Finally, Bedate and Cefalo54  also argue that the developing embryo can give rise to biological entities which are not human beings, e.g., hydatidiform moles and teratomas. But hydatidiform moles and teratomas do not arise from genetically normal human embryos, but from abnormal entities (usually caused, e.g., by dispermy), which are not therefore genetically normal human beings to begin with.55 

(2) Next, it is argued by some that this original single cell divides neatly first into 2 cells, then into 4 cells, then into 8 cells, etc.56  This biological data too is questionable, (and has consequences in understanding the argument about "totipotency"). As known and published in human embryology textbooks for over 60 years (as Lejeune57  points out), human embryogenesis immediately following fertilization is asynchronus (unlike amphibian or mouse embryology). The original single cell divides into 2 cells - and then only one of those cells divides, giving 3 cells . After a time the other cell divides, making it 4 cells, and then 8 cells, etc.

Part of what happens at this three-cell stage is that one can observe empirically the process of methylation. This observation is important philosophically. Many argue that these very early cells - including the original single-cell zygote up to the 8-cell stage - are "totipotent".58  They explain totipotent cells as the most vaguely directed and least differentiated cells in all of embryological development. Each cell, they claim, is not yet determined enough to be classified as an individual human being or a part of an individual human being. These cells, they say, have not yet "made up their minds" what they want to be. They can become any number of things. These cells are not differentiated or specialized enough yet. What happens in early development, they claim, is that there is a gradual change from total unspecialization to greater and greater specialization or differentiation. For example, at first we have a cell that could become any kind of human cell. Progressively a cell becomes specialized so that it can only become a kidney cell, or a stomach cell, or a muscle cell, i.e., it becomes more and more determined and differentiated.

This portrayal of differentiation is backwards, as Lejeune notes. The original single-cell human zygote is the most determined and specialized cell in all of embryological development. Progressively he or she loses, in fact, the ability to use information. A kidney cell, for example, contains virtually all of the genetic information that was in the original single human zygote cell, but can now use only a small portion of that information. So the kidney cell has not lost any of this information - only the ability to use it. This ability to use or not use the information that is present is partially determined by the process of methylation (which itself is coded in the original single-cell zygote). Through methylation and other processes during embryogenesis, genes are turned on or turned off.
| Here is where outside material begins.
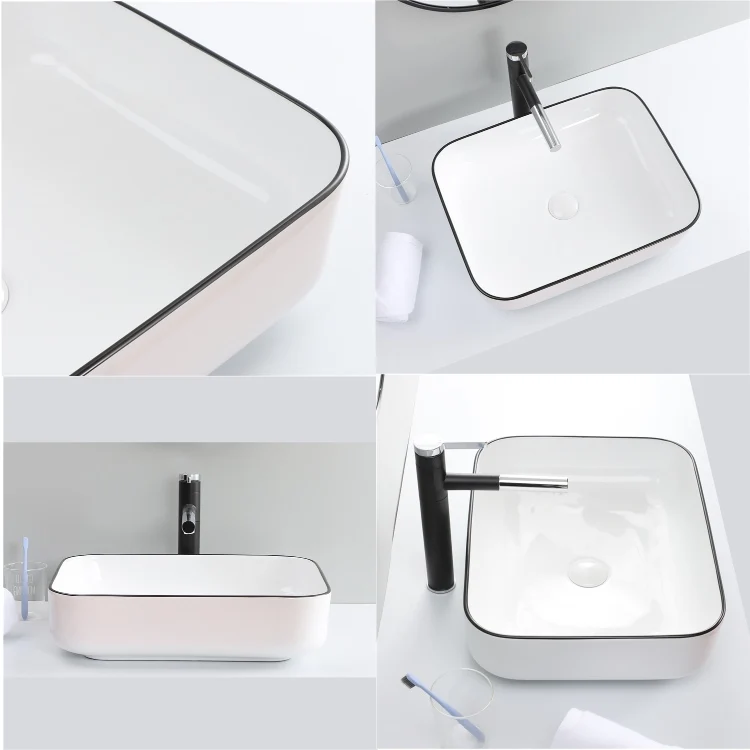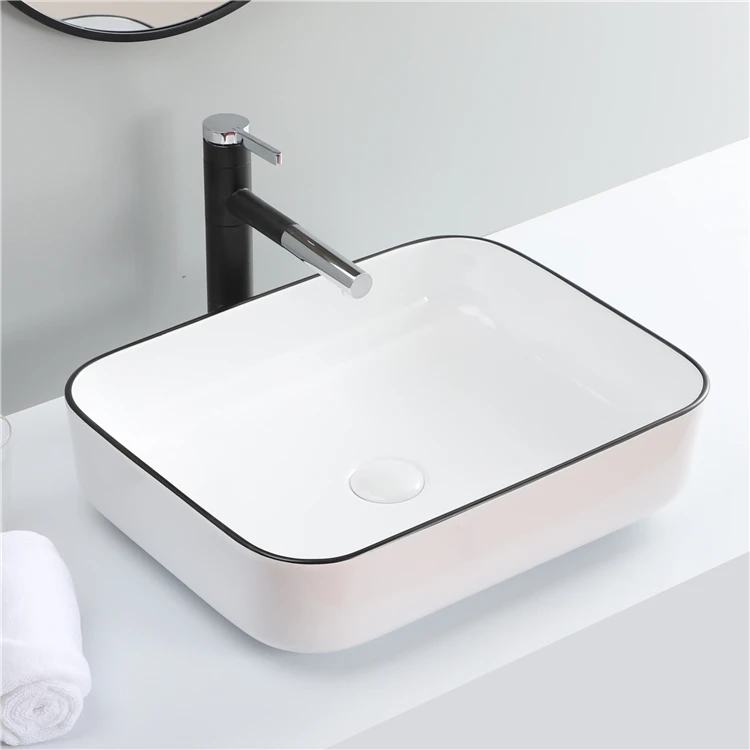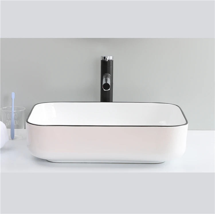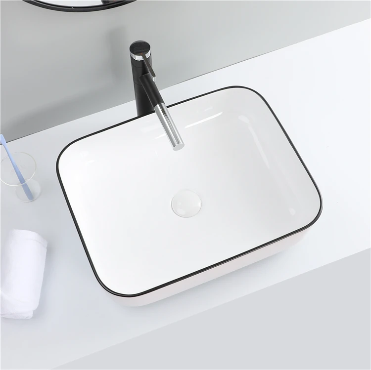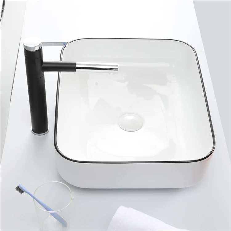 Hot Sale Lavabo Bathroom Ceramic Countertop Black Line Color Wash Basin

When the cell wants to control the use of cellular information, it methylates a molecule to silence that gene, to block or stop its use at a certain point in development. No information is progressively lost; only its use is lost. Thus a specialized kidney cell cannot be prodded to become an entirely new human being - not because it does not have all of the necessary information (it does), but because all of the information other than that of being a "kidney cell" has been methylated, or silenced.59 

Thus to be so differentiated as a kidney cell is actually a negative in such arguments. The kidney cell cannot direct anything but a small minuscule part of the development of the human embryo or fetus; whereas the original single-cell human zygote contains and can use all of the genetic information only partially used by the later cells. So there is nothing vague, undirected or undecided about it. It is the human zygote which represents the greatest fullness of human content and useable information, of directedness and decisive action - more than that found in any of the later cells. The human zygote will "decide" what reactions and formations take place. He or she will direct all of the processes and formations during the entire embryological process.60  Furthermore, "totipotency" is even suppose to happen - it is a normal part of human embryogenesis, and is indeed encoded in the original genetic information of the human zygote. Differentiation is also encoded in the original human zygote, and is partly explained by methylation. Differentiation, then, really represents the restricted ability to make any "decisions".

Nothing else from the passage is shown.